It doesn't really matter. Here's an example: The normalized zero-phase
von Hann kernel is equal to

h_zp_H =[ 1/2 1/4 0 ... 0 1/4 ]

where the ellipses represent 0s to fill the vector to the length of the
FFT (call it N). The zero-phase rectangular window is

r_zp = [ 1 ... 1 1 0 0 ... 0 0 1 1 ... 1 ].

also of length N. The number of 1s and 0s depends on N and the cutoff
frequency of the rectangle. If you circularly convolve these two
vectors in frequency domain you get

r_zp * h_zp_H = [ 1 ... 1 1 3/4 1/4 0 0 ... 0 1/4 3/4 1 1 ... 1 ].
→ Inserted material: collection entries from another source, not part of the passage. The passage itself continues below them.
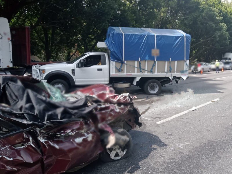 El conductor de la camioneta que transportaba refacciones de automóviles terminó por impactarse contra un vehículo Aveo rojo en el kilómetro 075+000, lo que llevó al cierre parcial de la autopista.
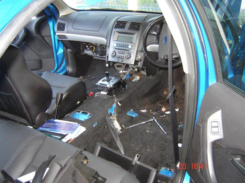 It didn't take anywhere near as long as you'd think, and it was good fun.. except for lightbulb jokes, it seems that three blokes one of which is a Ford mechanic arn't enough to screw in a lightbulb, lol.. the one in the rear console was a pain in the a*** to get it. Wish I'd vacuumed my car before hand though.
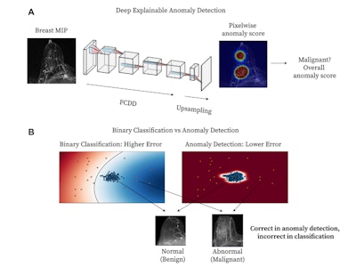 A method overview of the explainable AI model. (A) Diagram shows deep explainable anomaly detection at breast MRI. A maximum intensity projection (MIP) of a breast is passed to a fully convolutional neural network model trained using an explainable anomaly detection loss function (fully convolutional data description [FCDD]). The model directly outputs an up-sampled heat map of the anomalous pixels (anomaly heat map). The mean anomaly score across all pixels is used to classify a case as abnormal (malignant) or not. (B) Diagram shows a conceptual comparison between binary classification and anomaly detection: Shading represents the learned normal (blue) and abnormal (red) feature spaces, and dots represent individual normal (blue) and abnormal (red) cases. Binary classification learns a classification boundary between normal and abnormal cases, but model performance is affected by the scarcity and variability of malignant cases. Anomaly detection focuses on robustly learning the normal class and aims to identify abnormal cases accurately under these conditions.A method overview of the explainable AI model. (A) Diagram shows deep explainable anomaly detection at breast MRI. A maximum intensity projection (MIP) of a breast is passed to a fully convolutional neural network model trained using an explainable anomaly detection loss function (fully convolutional data description [FCDD]). The model directly outputs an up-sampled heat map of the anomalous pixels (anomaly heat map). The mean anomaly score across all pixels is used to classify a case as abnormal (malignant) or not. (B) Diagram shows a conceptual comparison between binary classification and anomaly detection: Shading represents the learned normal (blue) and abnormal (red) feature spaces, and dots represent individual normal (blue) and abnormal (red) cases. Binary classification learns a classification boundary between normal and abnormal cases, but model performance is affected by the scarcity and variability of malignant cases. Anomaly detection focuses on robustly learning the normal class and aims to identify abnormal cases accurately under these conditions.RSNA
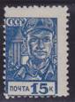 15 коп. Синяя. Рабочий-сталевар. Сдвиг перфорации. 1 марка.

So there you have the transition samples. In time domain, this is
equivalent to truncating a sinc function with a von Hann window of
length N.

To get the linear-phase version, just invert the sign of every second
coefficient. If you want another window than von Hann, take the
appropriate kernel. It really is described very well in that paper [1]
I referenced for you.

alright, well as you probably understood, i want to make it really as
optimized as possible, so i'll rather precalculate the rolloff samples
instead of performing a frequency-domain convolution with a window
function.

maybe i'll do it the simple way and take the 5 values I already talked
about, but i'd like firstly to look for better ways to do it, like for
example, have less than 5 rolloff samples, do you have an idea of the
minimum number of samples i can have for the rolloff?

Having as few as
possible would mean i would need smaller kernels to achieve the same
filtering, so that's a pretty much important question. i wish I had a
way to find out by myself tho, but i can't think fo any.

Michel Rouzic wrote:
abariska@student.ethz.ch wrote:
Michel Rouzic wrote:
abariska@student.ethz.ch wrote:
Michel Rouzic wrote:

The program I'm working on right now relies heavily on convoluting a
signal with many different FIR kernels. In order to optimize it, I want
to generate the windowed-sinc function directly in the frequency
domain, so it could get much more efficient than generating a
windowed-sinc function in the time domain and then performing a FFT on
it.

Note that windowing in time-domain corresponds to convolution in
frequency domain. So to synthesize a windowed sinc directly in
frequency domain, you have to convolve the frequency domain rectangle
function with the FT of the window.

The fast convolution approach requires that you IDFT the rectangle,
multiply with the window and DFT the resulting windowed sinc, which is
what you are trying to avoid. It is generally the faster method than
direct frequency domain convolution.

Yeah, so you see, that's why i'm trying to directly calculate the
frequency domain samples, without any convolution or multiplication. I
thought that maybe there was a way to calculate the proper rolloff
sample values.

However, a certain class of windows have very small convolution
kernels, so frequency domain convolution can be faster than time-domain
windowing. This class of windows is of the form

w[n] = sum_k a_k cos(2 pi k n / (N-1)), for 0 <= k < K,

where K denotes the order of the trigonometric polynomial, and N the
number of window points. The DFT of such windows has only 2K+1 non-zero
coefficients. You will be interested to read Nuttall's classic paper
[1]. Examples of such windows are von Hann (only three coefficients in
frequency domain!), Hamming, Nuttall, Blackman-Harris, etc.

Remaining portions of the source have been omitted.